For couples who meet at university, it can be hard to gauge how much your respective careers will define your lives afterwards. I began working when I was 16 and secured a job in my industry five months post-graduation. My former partner, on the other hand, struggled in his job search and was still without employment two and a half years after graduating. For me, this became a barrier to the goals I had for the future, including moving in together, getting married, and having kids.
While I had always been open about my desires for marriage (I drunkenly shared my wedding Pinterest board about six months into dating), as well as my plans to have kids (including that I didn't think I'd be financially ready until I was 35), my partner had always remained a hard shrug on all of the above. Everything was "I don't know" and "maybe," which became stress-inducing as I started to lay out my future. His answers to these questions often felt like a cop out — a way of keeping his options open. "I don't know" if I want to marry you because what if I want to marry someone else. "Maybe" I want kids, but maybe not because then we'd be linked forever. Needless to say, his lack of commitment to a future together preyed on my insecurities.
By November, I decided that I could no longer live with the idea that I would "maybe" need to sacrifice the things I really wanted out of life if I stayed with this person. So I told him I needed firm commitments about what I could expect in the future: a commitment to one day getting engaged and one day having a child. In that conversation, I voiced that I feared his lack of employment would be a barrier to us taking the next step in our relationship.
He immediately grew defensive and insisted that "I don't know" was an answer, and that I should be understanding of that. I pointed out that I had been understanding for several years, but that he was now 27 years old and it was time to at least have an idea of what the future would hold for us.
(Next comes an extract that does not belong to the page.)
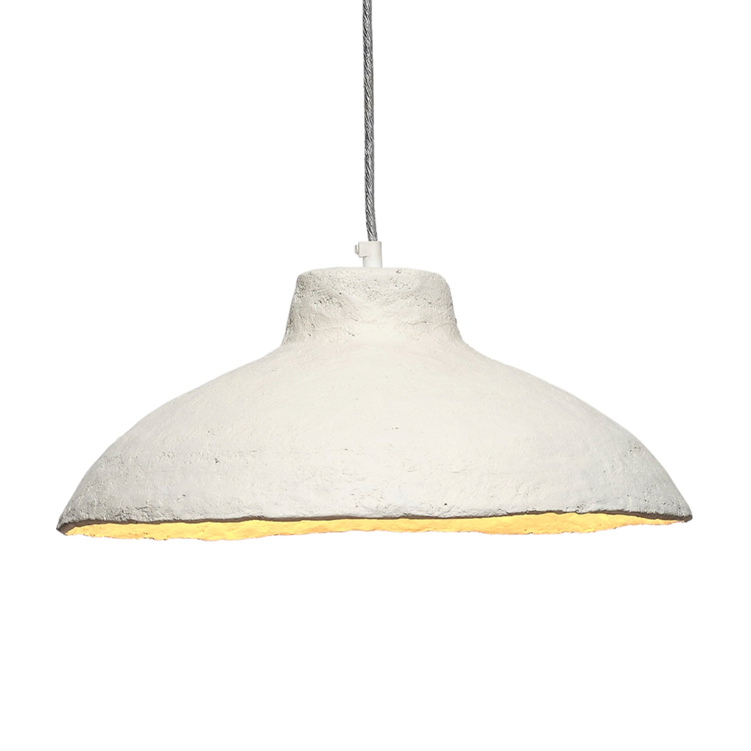 A popular handcraft for generations, papier-mâché has a distinctly organic look and texture that continues to inspire contemporary artisans. We keep it fresh and modern here with pendants in clean, classic shapes in a cloudlike off-white. Arrange three in a row over a kitchen island, or install a grouping over a dining table for a unique twist on the traditional.

After he tried using "maybe" a few times, I finally said, "I need a 'yes' or 'no,' because I cannot keep relying on 'maybe' when maybe could mean no, and no could mean I don't get my dreams." I told him that if it was a "no," I would be leaving.
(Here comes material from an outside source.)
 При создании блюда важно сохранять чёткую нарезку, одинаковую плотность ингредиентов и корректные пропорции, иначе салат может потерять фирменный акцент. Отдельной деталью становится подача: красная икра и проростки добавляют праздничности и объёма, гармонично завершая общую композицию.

The ultimatum revealed what he had been too cowardly to say all along. He was not going to give me the life that I wanted.
When faced with an ultimatum, my partner said that he was pretty sure he didn't want to get married or have children. I was shocked to hear him say, "I think if I had kids, I would resent them." The ultimatum revealed what he had been too cowardly to say all along. He was not going to give me the life that I wanted. Instead, we would live the casual one that he desired as he continued to shoot down my requests with "maybes." When I asked why he didn't think it was important to share his intentions with me, he simply replied, "I thought you loved me enough to not need those things." It was then I knew that I was right to propose the ultimatum. The person I thought I would one day marry saw my dreams as trivial. He prioritised himself and the things that made him happy, while actively deceiving me. He knew that I would never get what I wanted out of the relationship.
Suddenly, I was single and yet I felt free. The ultimatum had revealed that this relationship wasn't the right fit. My partner didn't share my goals for the future, nor did he respect me enough to tell me that he didn't intend to get married or have children. If I had stayed in the relationship, I would have wasted years of my life only to get my heart broken anyway. And, if I had chosen to simply break up with him without getting my questions answered, I probably always would have wondered if we would have eventually gotten married had I just stuck it out.
The ultimatum and subsequent breakup may have hurt, but it gave me the information I needed to heal and to know what to look for in my next relationship. It really was like ripping off a bandaid. I hated how it felt when I got the answer, but the quickness of it prevented drawn-out pain. I feel at peace knowing that I made the right choice to ensure that I have a chance at the future I desperately want.